**The task:** The lines you should transcribe are those from the one containing "Find out with" to the end of the listing below, exactly, with pictures left out.

**Data excerpt:**
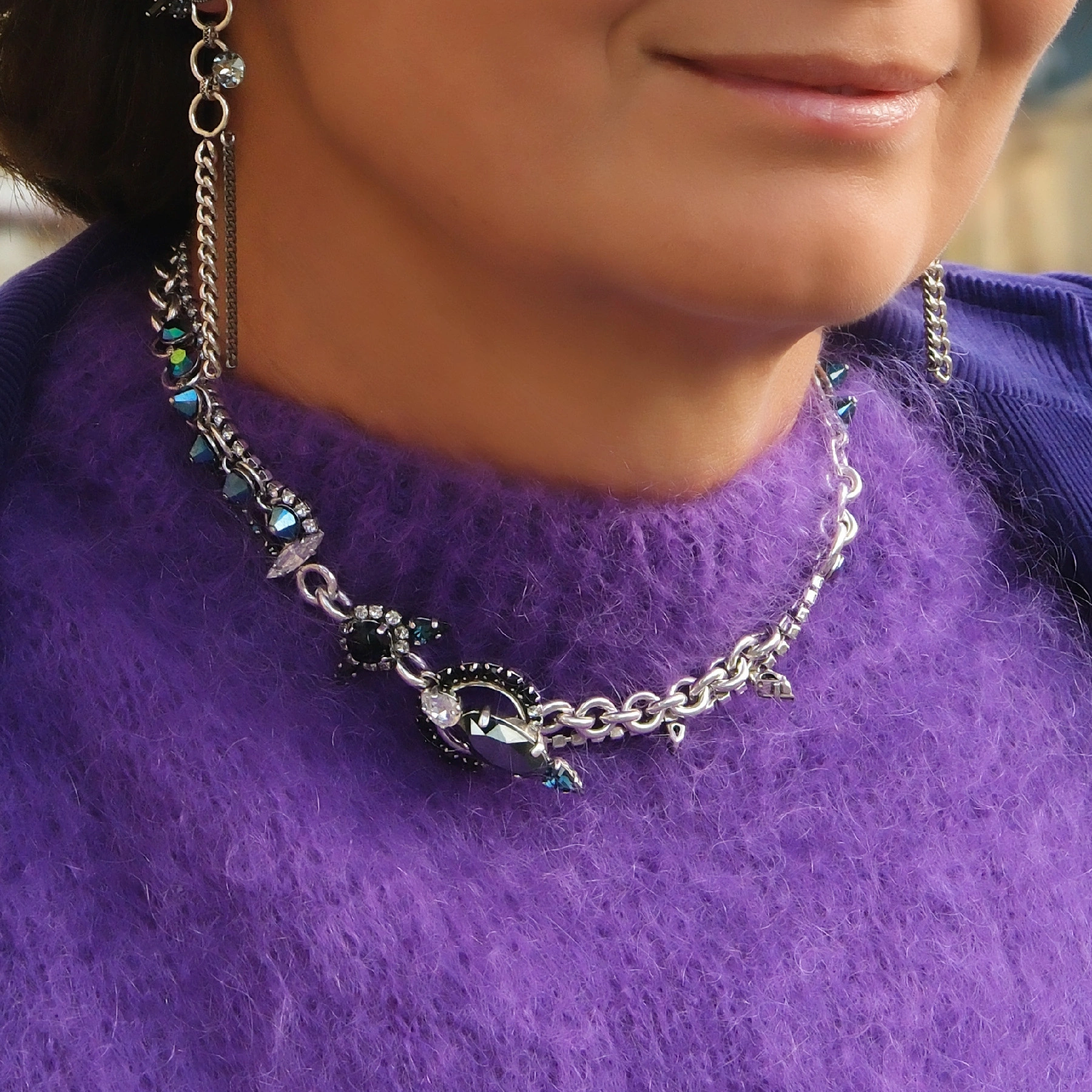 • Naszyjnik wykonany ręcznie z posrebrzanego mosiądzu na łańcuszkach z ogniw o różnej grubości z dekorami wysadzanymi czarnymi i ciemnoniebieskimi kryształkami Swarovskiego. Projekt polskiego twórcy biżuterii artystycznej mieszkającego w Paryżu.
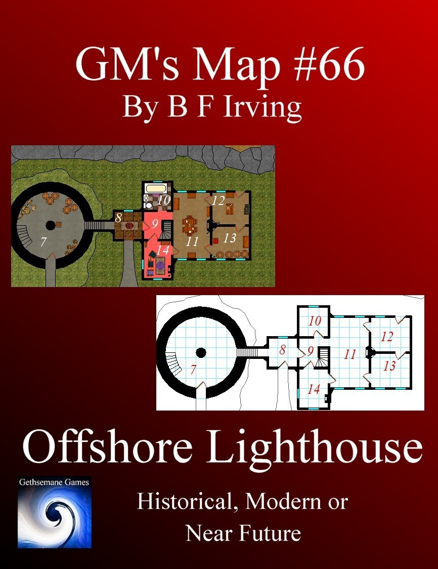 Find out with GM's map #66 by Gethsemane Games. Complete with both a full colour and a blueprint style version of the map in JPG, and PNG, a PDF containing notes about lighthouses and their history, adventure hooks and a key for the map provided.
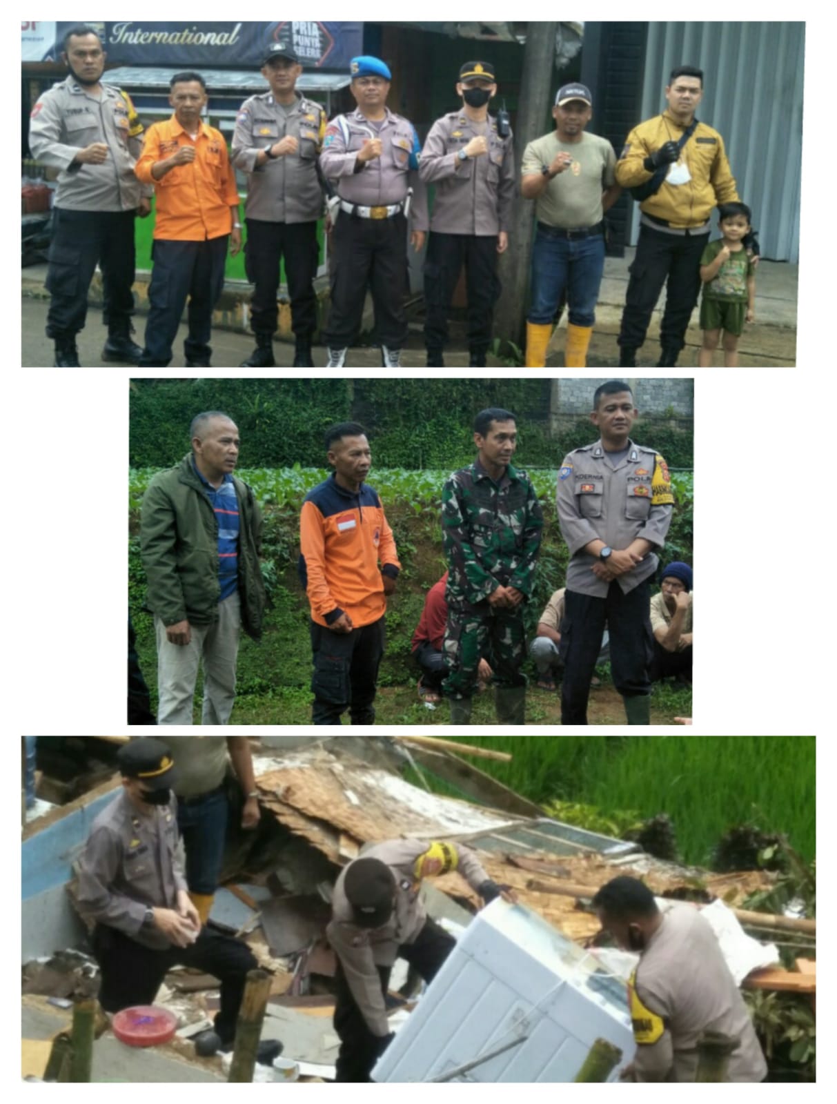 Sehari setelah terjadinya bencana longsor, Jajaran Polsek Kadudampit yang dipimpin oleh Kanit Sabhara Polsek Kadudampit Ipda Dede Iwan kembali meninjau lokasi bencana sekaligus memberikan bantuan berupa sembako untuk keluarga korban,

**Output of the exercise:**
 Find out with GM's map #66 by Gethsemane Games. Complete with both a full colour and a blueprint style version of the map in JPG, and PNG, a PDF containing notes about lighthouses and their history, adventure hooks and a key for the map provided.
 Sehari setelah terjadinya bencana longsor, Jajaran Polsek Kadudampit yang dipimpin oleh Kanit Sabhara Polsek Kadudampit Ipda Dede Iwan kembali meninjau lokasi bencana sekaligus memberikan bantuan berupa sembako untuk keluarga korban,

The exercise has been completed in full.